DATA RECORDS below:
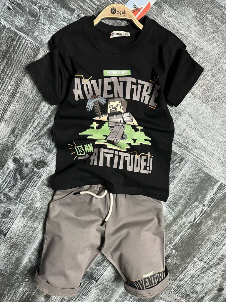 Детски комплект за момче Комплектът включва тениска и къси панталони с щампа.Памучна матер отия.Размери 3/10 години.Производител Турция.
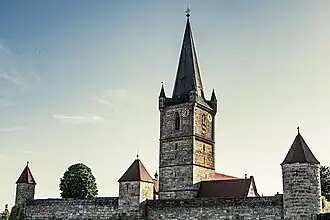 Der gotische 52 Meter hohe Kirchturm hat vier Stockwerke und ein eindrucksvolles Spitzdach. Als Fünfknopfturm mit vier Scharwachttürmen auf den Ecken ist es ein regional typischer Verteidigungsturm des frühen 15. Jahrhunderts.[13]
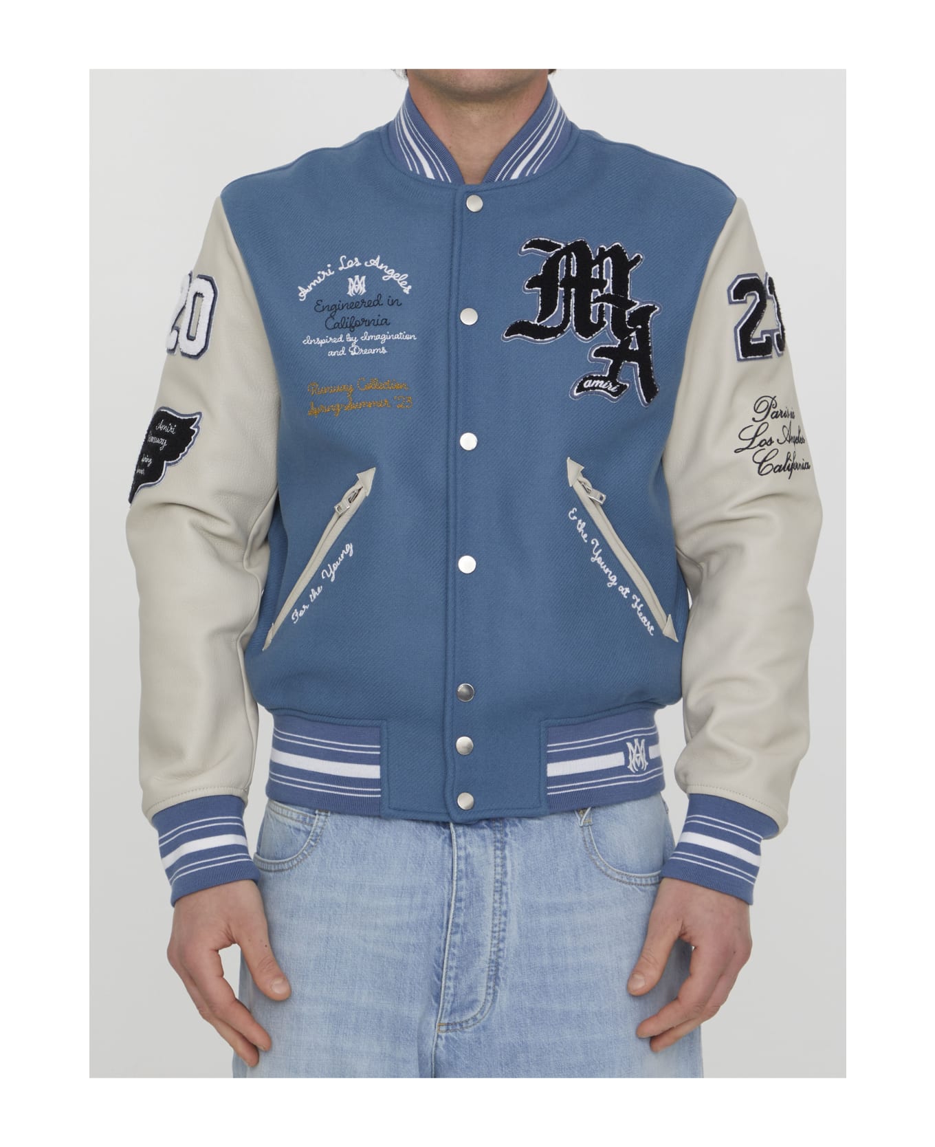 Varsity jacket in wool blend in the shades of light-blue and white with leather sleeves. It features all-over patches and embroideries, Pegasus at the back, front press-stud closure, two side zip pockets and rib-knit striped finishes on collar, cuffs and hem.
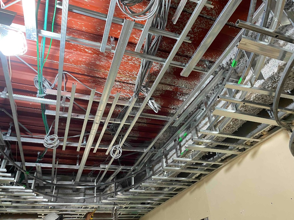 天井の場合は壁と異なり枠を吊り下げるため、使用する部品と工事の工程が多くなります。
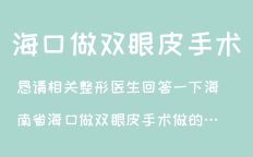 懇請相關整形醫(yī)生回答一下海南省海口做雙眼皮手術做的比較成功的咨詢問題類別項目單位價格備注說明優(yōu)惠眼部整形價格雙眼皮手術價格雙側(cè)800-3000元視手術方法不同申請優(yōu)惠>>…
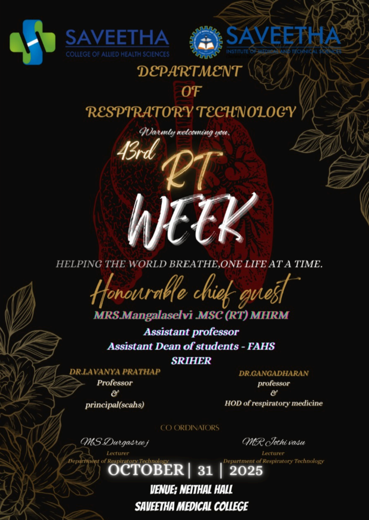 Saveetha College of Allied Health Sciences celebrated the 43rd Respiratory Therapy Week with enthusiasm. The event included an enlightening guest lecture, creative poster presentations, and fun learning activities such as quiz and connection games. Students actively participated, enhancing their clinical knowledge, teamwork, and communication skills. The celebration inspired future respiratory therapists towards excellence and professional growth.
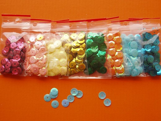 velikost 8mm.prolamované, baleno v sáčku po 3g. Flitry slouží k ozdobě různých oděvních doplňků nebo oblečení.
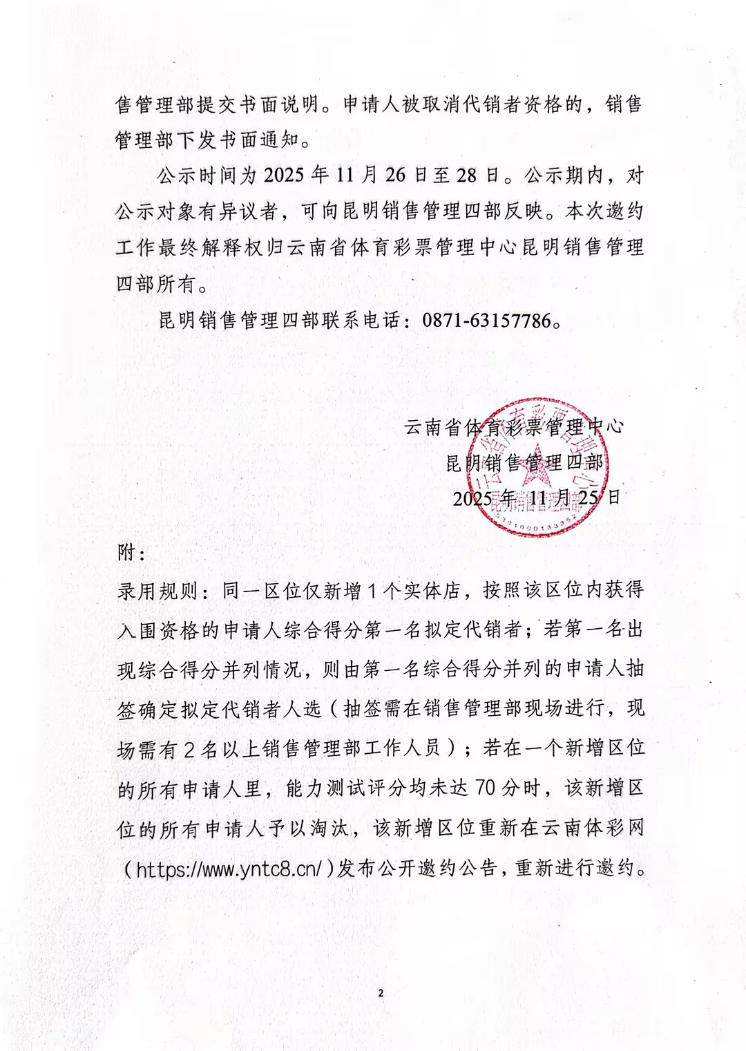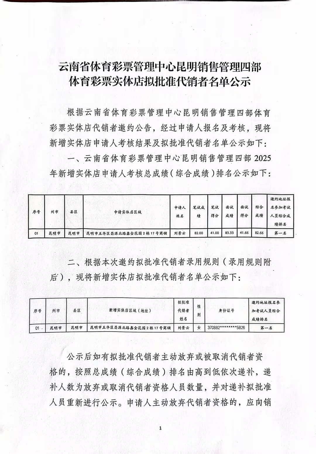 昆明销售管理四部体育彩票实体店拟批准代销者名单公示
End of DATA RECORDS.
DATA RECORDS below:
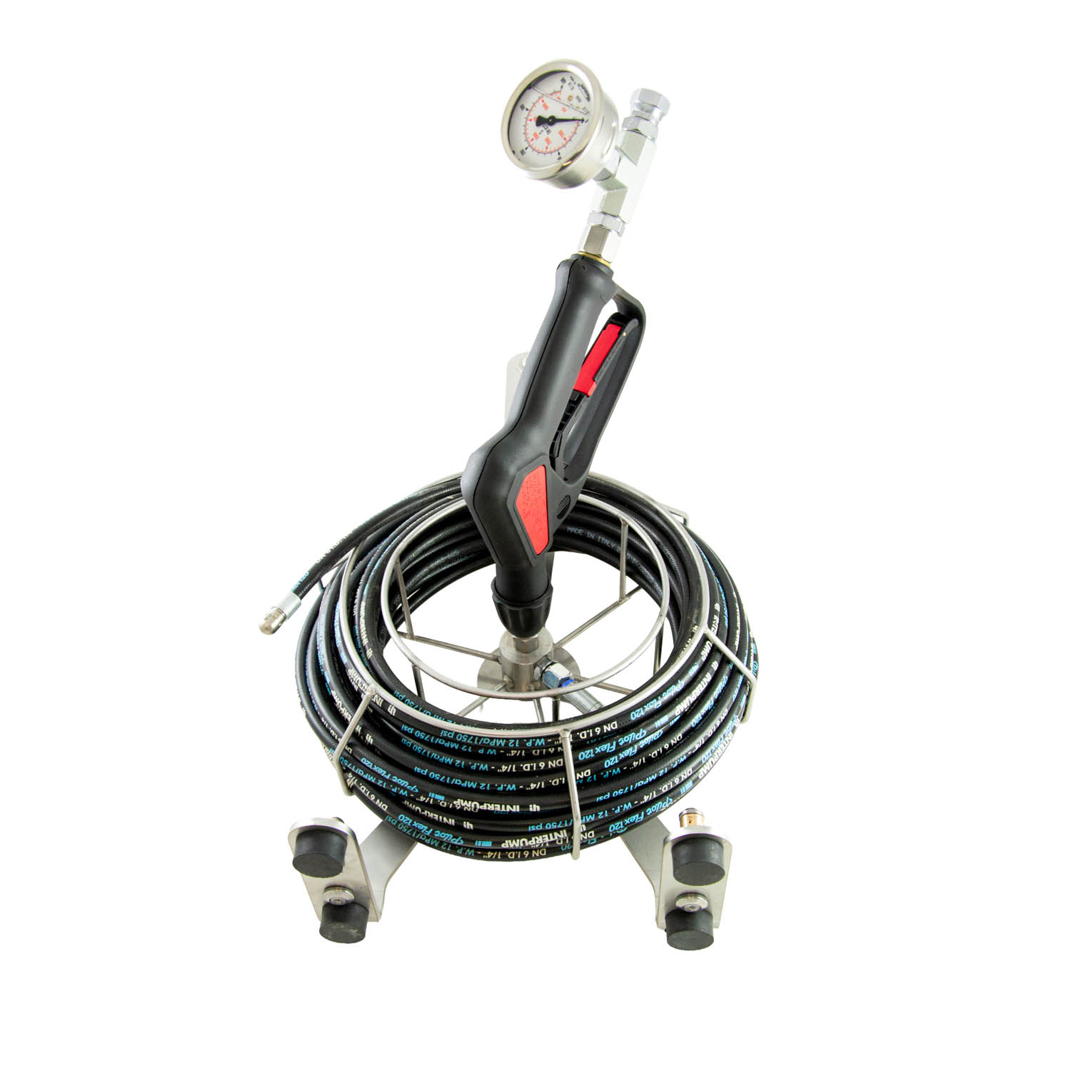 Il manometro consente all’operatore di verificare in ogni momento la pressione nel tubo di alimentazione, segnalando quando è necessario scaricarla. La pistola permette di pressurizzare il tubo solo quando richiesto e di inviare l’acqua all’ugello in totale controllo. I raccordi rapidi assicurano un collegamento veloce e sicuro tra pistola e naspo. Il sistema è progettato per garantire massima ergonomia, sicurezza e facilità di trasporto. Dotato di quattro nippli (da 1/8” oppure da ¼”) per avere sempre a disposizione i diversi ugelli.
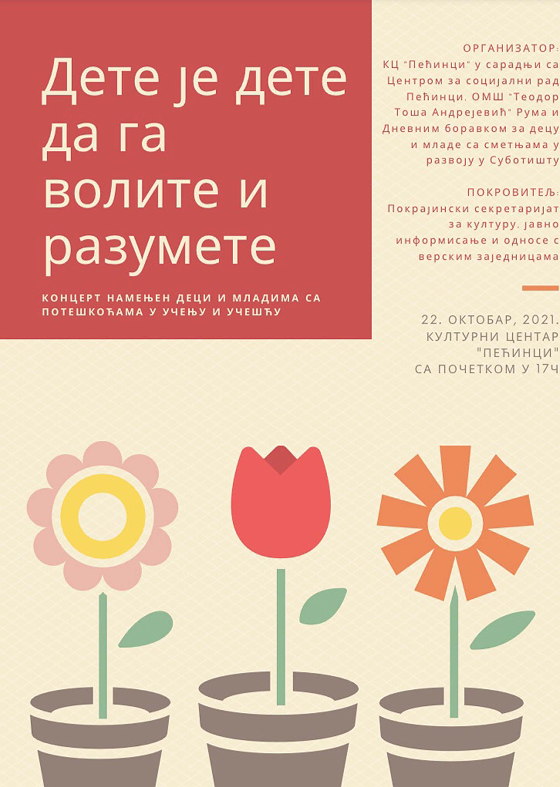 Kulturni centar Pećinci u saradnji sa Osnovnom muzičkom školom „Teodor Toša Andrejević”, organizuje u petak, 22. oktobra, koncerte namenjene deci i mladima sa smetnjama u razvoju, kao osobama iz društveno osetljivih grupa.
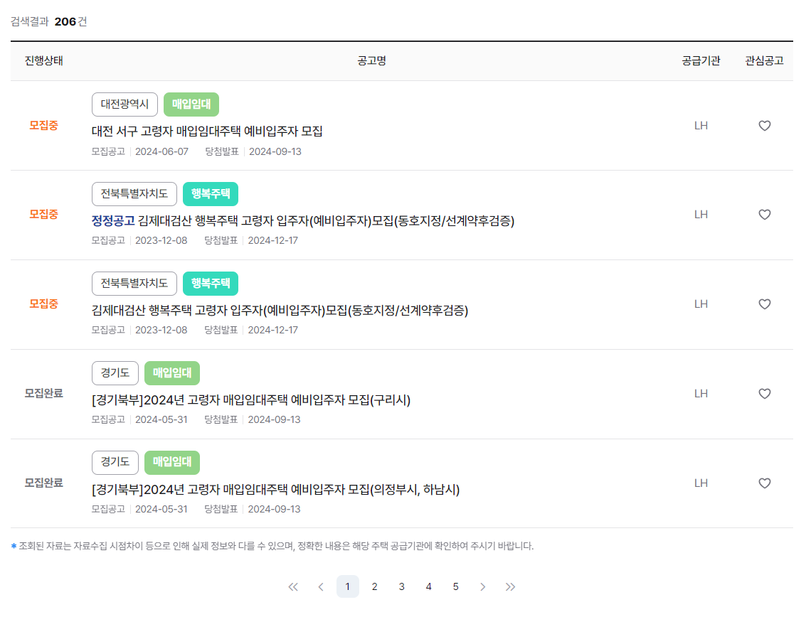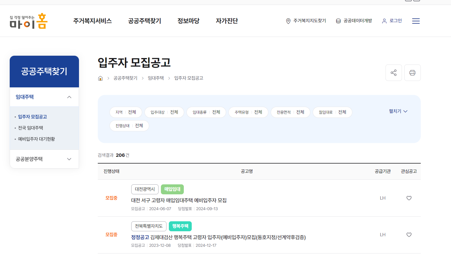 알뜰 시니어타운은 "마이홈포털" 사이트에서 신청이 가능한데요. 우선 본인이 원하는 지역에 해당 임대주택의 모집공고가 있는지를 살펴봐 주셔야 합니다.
End of DATA RECORDS.
DATA RECORDS below:
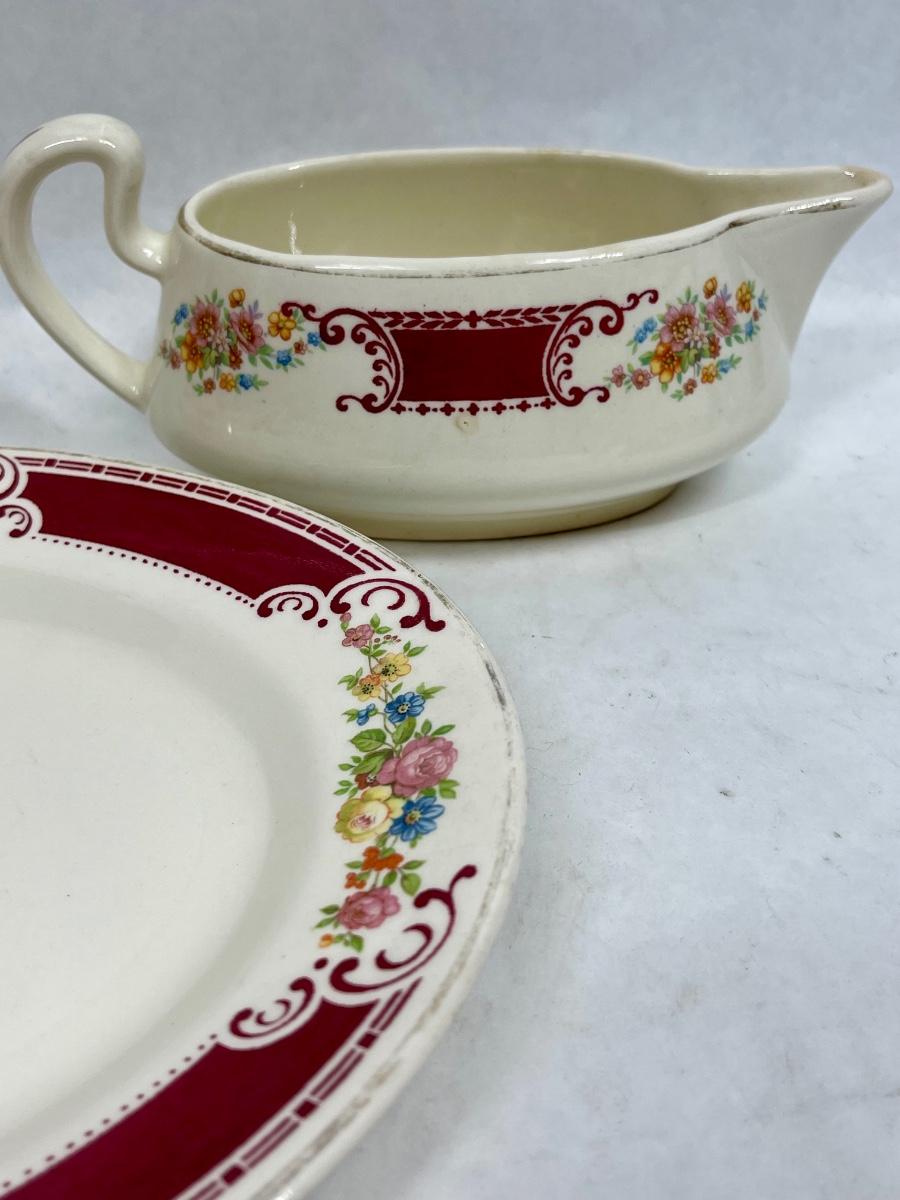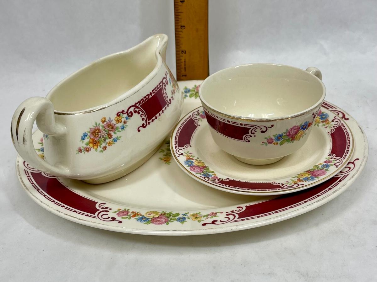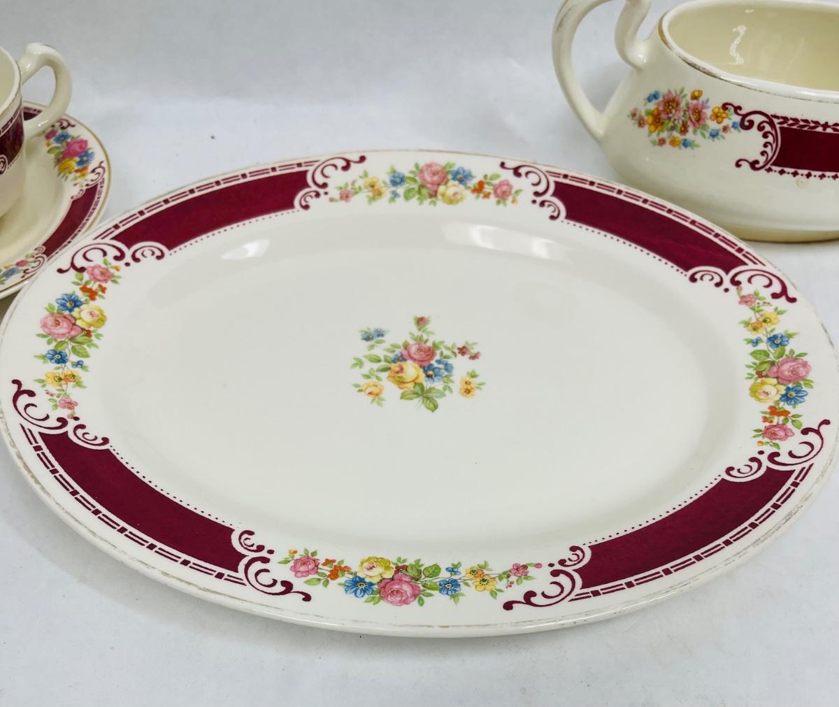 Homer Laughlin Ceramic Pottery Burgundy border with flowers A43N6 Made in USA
End of DATA RECORDS.
YOUR ASSIGNMENT :: Copy only what runs above from the line containing "Der gotische 52" through the line containing "昆明销售管理四部体育彩票实体店拟批准代销者名单公示", exactly. Leave out the pictures.

WRITTEN ANSWER ::
 Der gotische 52 Meter hohe Kirchturm hat vier Stockwerke und ein eindrucksvolles Spitzdach. Als Fünfknopfturm mit vier Scharwachttürmen auf den Ecken ist es ein regional typischer Verteidigungsturm des frühen 15. Jahrhunderts.[13]
 Varsity jacket in wool blend in the shades of light-blue and white with leather sleeves. It features all-over patches and embroideries, Pegasus at the back, front press-stud closure, two side zip pockets and rib-knit striped finishes on collar, cuffs and hem.
 天井の場合は壁と異なり枠を吊り下げるため、使用する部品と工事の工程が多くなります。
 懇請相關整形醫(yī)生回答一下海南省海口做雙眼皮手術做的比較成功的咨詢問題類別項目單位價格備注說明優(yōu)惠眼部整形價格雙眼皮手術價格雙側(cè)800-3000元視手術方法不同申請優(yōu)惠>>…
 Saveetha College of Allied Health Sciences celebrated the 43rd Respiratory Therapy Week with enthusiasm. The event included an enlightening guest lecture, creative poster presentations, and fun learning activities such as quiz and connection games. Students actively participated, enhancing their clinical knowledge, teamwork, and communication skills. The celebration inspired future respiratory therapists towards excellence and professional growth.
 velikost 8mm.prolamované, baleno v sáčku po 3g. Flitry slouží k ozdobě různých oděvních doplňků nebo oblečení.
 昆明销售管理四部体育彩票实体店拟批准代销者名单公示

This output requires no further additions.